The volcano map of the DEGs in the GEO GSE7305, GSE7307, and GSE11691 datasets. A GSE7305; (B) GSE7307; (C) GSE11691 datasets. The red dots represent the upregulated DEGs using the cut-off values of adjusted p < 0.05 and |log fold change|> 1, whereas the green dots show the downregulated DEGs using the cut-off values of adjusted p < 0.05 and -|log fold change|< -1. The black spots represent genes with no significant difference in expression

Fig. 4
figure 4

The cluster heatmaps of the top 100 DEGs in the GEO GSE7305, GSE7307, and GSE11691 datasets. A GSE7305, (B) GSE7307, and (C) GSE11691 datasets. The red color indicates relative upregulated DEGs, whereas the blue color shows the relative downregulated DEGs. The white color indicates no significant change in gene expression

We utilized the Robust Rank Aggregation method (RRA) according to a previous study [22] to analyze the DEGs in the GEO GSE7305, GSE7307, and GSE11691 datasets. RRA analysis theoretically assumes that each gene in each dataset is randomly arranged (expressed), but if a given gene ranks high in all datasets, the associated p value will be lower, indicating that the potential for the expression of this DEG is greater. After RRA ranking analysis with a corrected p < 0.05 and logFC > 1 or − logFC <  − 1, we identified 1031 integrated DEGs (including 581 upregulated and 450 downregulated genes). The top 20 upregulated and downregulated genes are shown in Fig. 5.

Fig. 5
figure 5

Heatmap of the top 20 upregulated and downregulated genes after RRA ranking analysis of all DEGs in the GEO GSE7305, GSE7307, and GSE11691 datasets.
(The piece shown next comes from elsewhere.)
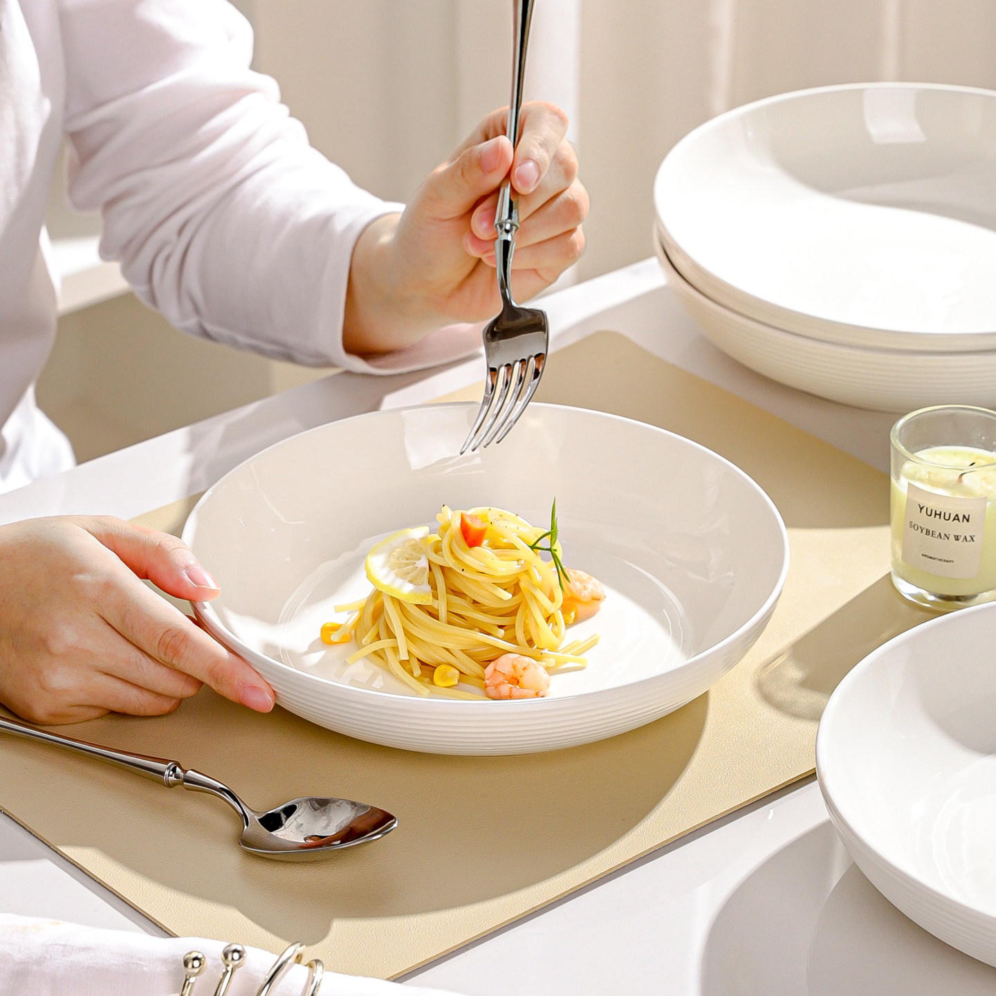 酒店摆台餐具四件套套装陶瓷碗碟盘勺饭店餐厅会所火锅店骨碟商用
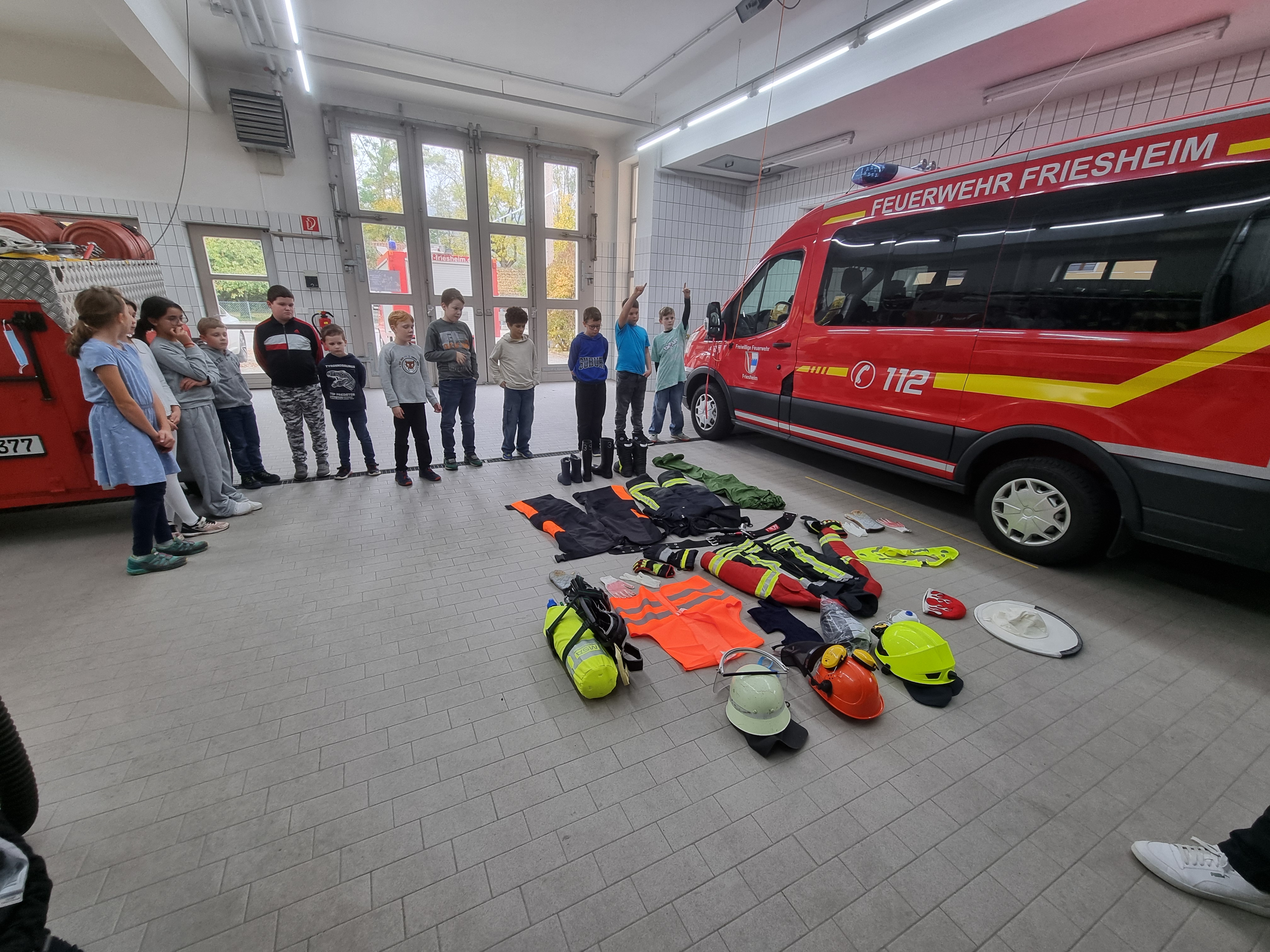In der Oktoberübung lernten die Kinder alles über die PSA bei der Feuerwehr kennen. Dabei wurden in der Gerätehalle alle Gegenstände, die bei der Feuerwehr Friesheim vorhanden sind, wie bei einer Explosionszeichnung aufgelegt. Es schmuggelten sich auch einige fremde Gegenstände mit dazu. Die angehenden Feuerwehrler durften dann herausfinden, was zur PSA gehört und wozu man es benötigt. Anschaulich wurden diese Gegenstände erklärt und von den Kindern untersucht. Die Kinder staunten sehr über den Umfang der PSA eines Feuerwehrmannes.

The red shaded text represents log FC > 0, while the green shaded text represents logFC < 0, and the value in the box represents the log FC value

Gene ontology (GO) terms for the DEGs

Next, we performed GO term analysis of the DEGs in the GEO GSE7305, GSE7307, and GSE11691 datasets in endometriosis using the “clusterProfiler” package. The GO analysis data could be grouped into three categories, i.e., molecular functions, cellular components, and biological processes. Table 1 lists the top 10 GO terms for the DEGs. Using the cutoff criteria of p < 0.05, the three categories of GO terms are shown in Fig. 6. The molecular functions of the DEGs were mainly enriched in glycosaminoglycan binding, receptor ligand activity, and signaling receptor activator activity. The GO terms in the cellular components category were mainly involved in the collagen-containing extracellular matrix, cell–cell junction, and apical part of cells. The GO terms in the biological processes category were mainly involved in extracellular matrix organization, extracellular structure organization, and reproductive structure development.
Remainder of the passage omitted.